→ Exercise brief
The entries follow. Please return all of them exactly.

→ Input material
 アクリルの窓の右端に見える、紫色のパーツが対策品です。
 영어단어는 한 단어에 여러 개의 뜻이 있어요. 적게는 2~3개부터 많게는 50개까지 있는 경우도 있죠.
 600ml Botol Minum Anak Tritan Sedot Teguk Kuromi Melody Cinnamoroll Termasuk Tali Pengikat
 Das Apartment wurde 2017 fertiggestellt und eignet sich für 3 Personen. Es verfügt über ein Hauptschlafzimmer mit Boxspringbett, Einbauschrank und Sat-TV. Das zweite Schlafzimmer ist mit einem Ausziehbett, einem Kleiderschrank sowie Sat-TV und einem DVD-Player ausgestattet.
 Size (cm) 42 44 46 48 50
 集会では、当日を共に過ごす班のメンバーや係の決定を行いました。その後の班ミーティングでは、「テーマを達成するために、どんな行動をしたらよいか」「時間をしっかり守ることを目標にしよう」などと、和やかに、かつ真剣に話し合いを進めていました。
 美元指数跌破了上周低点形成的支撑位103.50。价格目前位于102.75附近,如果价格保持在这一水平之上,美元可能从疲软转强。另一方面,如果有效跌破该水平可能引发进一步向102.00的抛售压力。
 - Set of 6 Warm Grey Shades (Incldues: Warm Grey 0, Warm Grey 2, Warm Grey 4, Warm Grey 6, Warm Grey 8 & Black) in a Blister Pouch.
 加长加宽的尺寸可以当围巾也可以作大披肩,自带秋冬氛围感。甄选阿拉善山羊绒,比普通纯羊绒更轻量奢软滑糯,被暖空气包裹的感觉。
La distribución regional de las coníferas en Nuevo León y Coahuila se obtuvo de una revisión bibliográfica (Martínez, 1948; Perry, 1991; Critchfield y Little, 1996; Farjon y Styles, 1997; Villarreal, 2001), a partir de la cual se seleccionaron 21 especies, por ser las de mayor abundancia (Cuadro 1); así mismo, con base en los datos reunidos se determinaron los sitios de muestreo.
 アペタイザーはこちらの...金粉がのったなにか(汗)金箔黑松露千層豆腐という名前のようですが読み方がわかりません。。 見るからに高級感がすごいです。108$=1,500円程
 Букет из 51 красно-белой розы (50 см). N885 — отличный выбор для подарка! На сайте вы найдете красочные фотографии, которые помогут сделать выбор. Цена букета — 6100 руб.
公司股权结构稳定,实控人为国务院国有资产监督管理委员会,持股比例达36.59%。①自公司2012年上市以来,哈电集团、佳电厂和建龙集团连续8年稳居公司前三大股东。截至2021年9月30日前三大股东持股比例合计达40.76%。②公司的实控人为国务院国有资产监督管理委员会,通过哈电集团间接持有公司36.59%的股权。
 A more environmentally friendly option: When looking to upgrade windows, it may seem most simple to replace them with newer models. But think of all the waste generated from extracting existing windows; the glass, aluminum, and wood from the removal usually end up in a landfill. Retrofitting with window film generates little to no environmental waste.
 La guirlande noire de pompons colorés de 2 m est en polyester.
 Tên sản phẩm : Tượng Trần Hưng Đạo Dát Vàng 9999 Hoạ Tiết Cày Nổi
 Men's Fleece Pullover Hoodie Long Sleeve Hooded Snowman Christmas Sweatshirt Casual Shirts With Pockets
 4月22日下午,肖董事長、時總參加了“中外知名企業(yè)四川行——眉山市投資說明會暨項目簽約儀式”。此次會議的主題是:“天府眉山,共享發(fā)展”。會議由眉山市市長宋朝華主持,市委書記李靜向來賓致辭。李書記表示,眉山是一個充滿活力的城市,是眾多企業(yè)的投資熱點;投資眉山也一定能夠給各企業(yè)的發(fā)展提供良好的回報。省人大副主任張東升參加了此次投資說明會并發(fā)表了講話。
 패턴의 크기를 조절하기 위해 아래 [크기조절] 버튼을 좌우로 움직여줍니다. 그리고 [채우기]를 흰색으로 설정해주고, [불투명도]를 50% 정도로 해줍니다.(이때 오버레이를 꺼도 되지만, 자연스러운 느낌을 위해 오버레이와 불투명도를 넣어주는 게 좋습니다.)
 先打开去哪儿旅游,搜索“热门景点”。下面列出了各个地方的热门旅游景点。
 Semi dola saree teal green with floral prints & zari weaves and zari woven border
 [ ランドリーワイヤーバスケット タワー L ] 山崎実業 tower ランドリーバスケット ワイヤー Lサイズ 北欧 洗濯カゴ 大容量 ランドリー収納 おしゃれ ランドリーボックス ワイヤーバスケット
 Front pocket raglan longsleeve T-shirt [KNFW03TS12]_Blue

→ Response to this task
 アクリルの窓の右端に見える、紫色のパーツが対策品です。
 영어단어는 한 단어에 여러 개의 뜻이 있어요. 적게는 2~3개부터 많게는 50개까지 있는 경우도 있죠.
 600ml Botol Minum Anak Tritan Sedot Teguk Kuromi Melody Cinnamoroll Termasuk Tali Pengikat
 Das Apartment wurde 2017 fertiggestellt und eignet sich für 3 Personen. Es verfügt über ein Hauptschlafzimmer mit Boxspringbett, Einbauschrank und Sat-TV. Das zweite Schlafzimmer ist mit einem Ausziehbett, einem Kleiderschrank sowie Sat-TV und einem DVD-Player ausgestattet.
 Size (cm) 42 44 46 48 50
 集会では、当日を共に過ごす班のメンバーや係の決定を行いました。その後の班ミーティングでは、「テーマを達成するために、どんな行動をしたらよいか」「時間をしっかり守ることを目標にしよう」などと、和やかに、かつ真剣に話し合いを進めていました。
 美元指数跌破了上周低点形成的支撑位103.50。价格目前位于102.75附近,如果价格保持在这一水平之上,美元可能从疲软转强。另一方面,如果有效跌破该水平可能引发进一步向102.00的抛售压力。
 - Set of 6 Warm Grey Shades (Incldues: Warm Grey 0, Warm Grey 2, Warm Grey 4, Warm Grey 6, Warm Grey 8 & Black) in a Blister Pouch.
 加长加宽的尺寸可以当围巾也可以作大披肩,自带秋冬氛围感。甄选阿拉善山羊绒,比普通纯羊绒更轻量奢软滑糯,被暖空气包裹的感觉。
La distribución regional de las coníferas en Nuevo León y Coahuila se obtuvo de una revisión bibliográfica (Martínez, 1948; Perry, 1991; Critchfield y Little, 1996; Farjon y Styles, 1997; Villarreal, 2001), a partir de la cual se seleccionaron 21 especies, por ser las de mayor abundancia (Cuadro 1); así mismo, con base en los datos reunidos se determinaron los sitios de muestreo.
 アペタイザーはこちらの...金粉がのったなにか(汗)金箔黑松露千層豆腐という名前のようですが読み方がわかりません。。 見るからに高級感がすごいです。108$=1,500円程
 Букет из 51 красно-белой розы (50 см). N885 — отличный выбор для подарка! На сайте вы найдете красочные фотографии, которые помогут сделать выбор. Цена букета — 6100 руб.
公司股权结构稳定,实控人为国务院国有资产监督管理委员会,持股比例达36.59%。①自公司2012年上市以来,哈电集团、佳电厂和建龙集团连续8年稳居公司前三大股东。截至2021年9月30日前三大股东持股比例合计达40.76%。②公司的实控人为国务院国有资产监督管理委员会,通过哈电集团间接持有公司36.59%的股权。
 A more environmentally friendly option: When looking to upgrade windows, it may seem most simple to replace them with newer models. But think of all the waste generated from extracting existing windows; the glass, aluminum, and wood from the removal usually end up in a landfill. Retrofitting with window film generates little to no environmental waste.
 La guirlande noire de pompons colorés de 2 m est en polyester.
 Tên sản phẩm : Tượng Trần Hưng Đạo Dát Vàng 9999 Hoạ Tiết Cày Nổi
 Men's Fleece Pullover Hoodie Long Sleeve Hooded Snowman Christmas Sweatshirt Casual Shirts With Pockets
 4月22日下午,肖董事長、時總參加了“中外知名企業(yè)四川行——眉山市投資說明會暨項目簽約儀式”。此次會議的主題是:“天府眉山,共享發(fā)展”。會議由眉山市市長宋朝華主持,市委書記李靜向來賓致辭。李書記表示,眉山是一個充滿活力的城市,是眾多企業(yè)的投資熱點;投資眉山也一定能夠給各企業(yè)的發(fā)展提供良好的回報。省人大副主任張東升參加了此次投資說明會并發(fā)表了講話。
 패턴의 크기를 조절하기 위해 아래 [크기조절] 버튼을 좌우로 움직여줍니다. 그리고 [채우기]를 흰색으로 설정해주고, [불투명도]를 50% 정도로 해줍니다.(이때 오버레이를 꺼도 되지만, 자연스러운 느낌을 위해 오버레이와 불투명도를 넣어주는 게 좋습니다.)
 先打开去哪儿旅游,搜索“热门景点”。下面列出了各个地方的热门旅游景点。
 Semi dola saree teal green with floral prints & zari weaves and zari woven border
 [ ランドリーワイヤーバスケット タワー L ] 山崎実業 tower ランドリーバスケット ワイヤー Lサイズ 北欧 洗濯カゴ 大容量 ランドリー収納 おしゃれ ランドリーボックス ワイヤーバスケット
 Front pocket raglan longsleeve T-shirt [KNFW03TS12]_Blue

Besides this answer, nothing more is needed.